**What you need to do:** From top to bottom, write out the listing exactly and skip every picture.

**Information provided:**
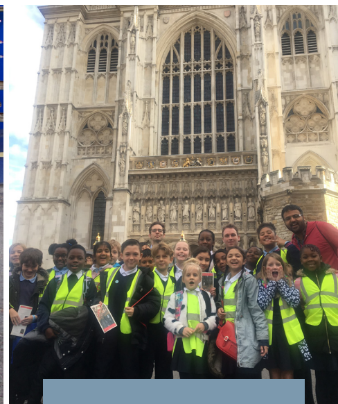
Learning on tour

Millfields Community School is a diverse, inclusive and creative school in the heart of Hackney. Standards are above national trends and the extensive range of curriculum opportunities is relevant to our community, and life in modern Britain. It is based on the core belief expressed in the school's vision and values statement, 'respect for the rights of all'. A respect for the rights of all and a love of and for learning informs the school's curriculum and creates the inclusive and welcoming ethos that is always commented on by visitors to the school.
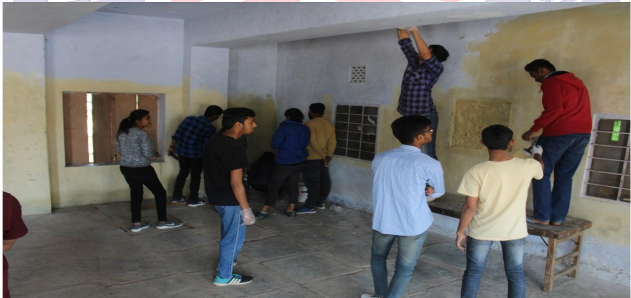
4.3 B Painting of “Yatri Vishram Grah”

**Task solution:**
Learning on tour

Millfields Community School is a diverse, inclusive and creative school in the heart of Hackney. Standards are above national trends and the extensive range of curriculum opportunities is relevant to our community, and life in modern Britain. It is based on the core belief expressed in the school's vision and values statement, 'respect for the rights of all'. A respect for the rights of all and a love of and for learning informs the school's curriculum and creates the inclusive and welcoming ethos that is always commented on by visitors to the school.
4.3 B Painting of “Yatri Vishram Grah”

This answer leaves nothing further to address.